- Born: Robert Foster Charles Conners December 12, 1933 Clearfield, Pennsylvania, U.S.
- Died: November 23, 2014 (aged 80) Marco Island, Florida, U.S.
- Education: Ohio State University
- Spouse: Linda Conners
- Children: 4
- Career
- Show: Bob Conners in the Morning (1978–2011)
- Stations: WTVN-AM, Columbus, Ohio
- Show: BC's Saturday Morning Open Phones
- Stations: WTVN-AM, Columbus, Ohio
- Style: Morning radio

= Bob Conners =

American radio personality

Robert Foster Charles Conners (December 12, 1933 – November 23, 2014), known professionally as Bob Conners, was an American radio personality on Columbus, Ohio's AM radio station 610 WTVN. On his retirement in 2011, he had been on the air in Columbus for over forty years, 33 of them as WTVN morning show host. In total, his broadcasting career lasted more than 60 years.

==Early life==
Conners was born in Clearfield, Pennsylvania on December 12, 1933, to Robert Charles and Zona (née Foster) Conners. He graduated from St. Marys Central Catholic High School in St. Marys, Pennsylvania in 1952.

==Career==
Conners began his broadcasting work while in high school at WKBI in St. Marys and continued at WJET in Erie, Pennsylvania. He served in the United States Army from 1956 to 1958, then resumed broadcasting roles at KSON and KDEO in San Diego, California, and WEEP in Pittsburgh, Pennsylvania. He began his career at WTVN in 1964 after moving to Columbus from Pittsburgh. After a three-year interlude as the afternoon presenter at WBNS-AM in Columbus from 1973 to 1976, he returned to WTVN where he was named morning show host in 1978.

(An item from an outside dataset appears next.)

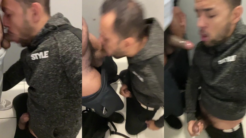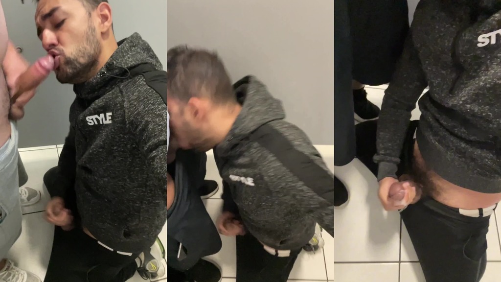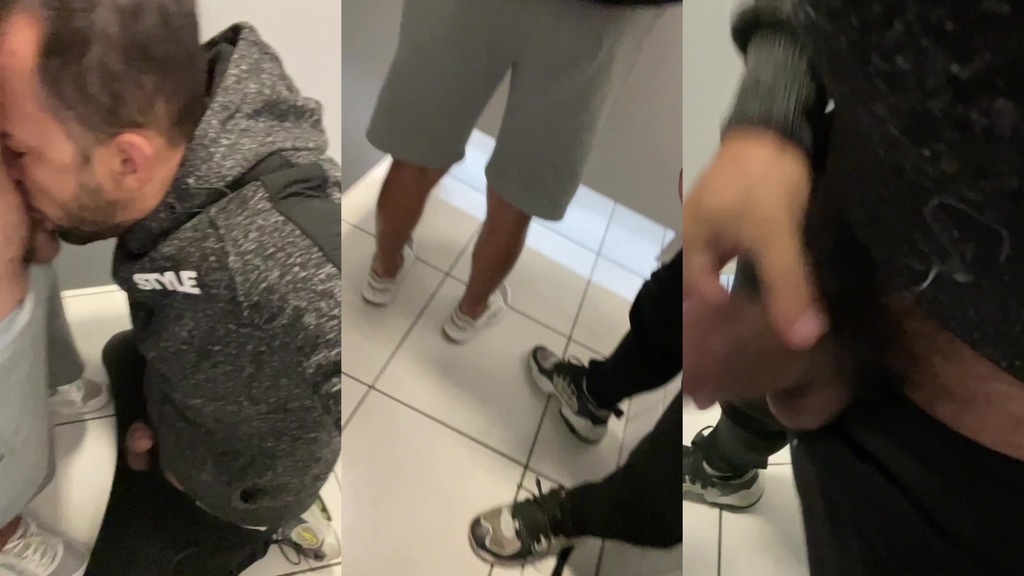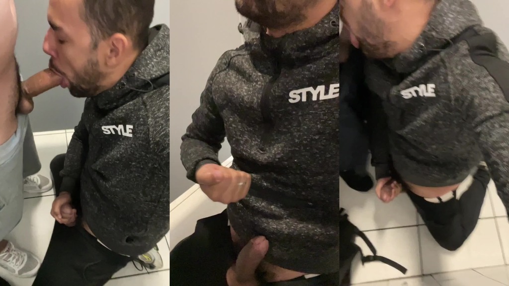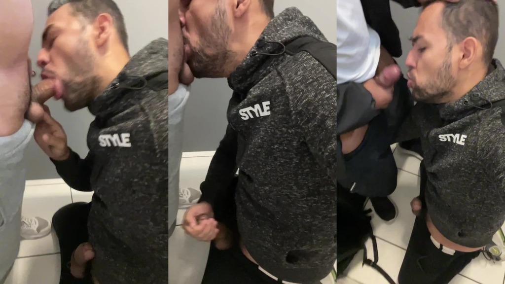entrou um e logo outro entou no box do banheiro querendo uma mamada, estava de joelhos e la fiquei para mais uma boa gozada na boca.
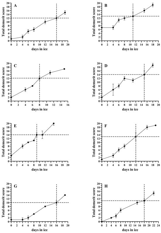 QIM sensory freshness evaluations of the studied species during ice storage. (A) Barramundi, (B) cobia, (C) coral trout, (D) giant trevally, (E) milkfish, (F) mangrove red snapper, (G) snubnose pompano and (H) sobaity bream. The vertical dotted line in the diagrams marks the acceptability limit (in days), while the dotted horizontal line indicates the QIM score that the fish received at this point. The bars indicate the standard deviations (n = 3).

===Bob Conners in the Morning===
Prior to Conners' 2011 retirement, Bob Conners in the Morning aired weekday mornings from 5:35 a.m. to 9 a.m. His show had been a mainstay of Columbus radio since 1979. The show interspersed news, weather, and traffic reports between segments discussing issues of varied interest, as well as interviews with authors and local personalities.

===BC's Saturday Morning Open Phones===
On BC's Saturday Morning Open Phones, callers could speak about any topic, whether a simple announcement of a charity event or a minutes-long political rant. There were several regular callers who bantered with Conners over politics or the latest Ohio State University football game. BC's Saturday Morning Open Phones aired Saturdays on WTVN from 6:00 a.m. to 10:00 a.m.

During the last several years of his WTVN career, Conners performed his show during the winter months remotely from a studio installed in his second home in Marco Island, Florida.

==Personal life==
According to his obituary, Conners had a lifelong interest in aviation and was an instrument-rated pilot. He earned his bachelor's degree in Aviation and Communications from Ohio State University in 1986. He was a member of the Commemorative Air Force and served as announcer for many air shows at Rickenbacker Air National Guard Base near Columbus.

==Retirement and death==
On October 24, 2011, Conners announced that he would be retiring and his last official day on-air would be November 30, 2011.

His retirement was marked by a statement on the floor of the US Congress by Representative Pat Tiberi of Ohio's 12th Congressional District. At the time he indicated he planned to continue to live with his family in the Eastmoor neighborhood of Columbus most of the year.

On November 24, 2014, the station announced Conners' death of mantle cell lymphoma at his winter home in Marco Island the previous day at the age of 80. He was survived by his wife of 37 years, Linda, and four children, 13 grandchildren and 3 great-grandchildren.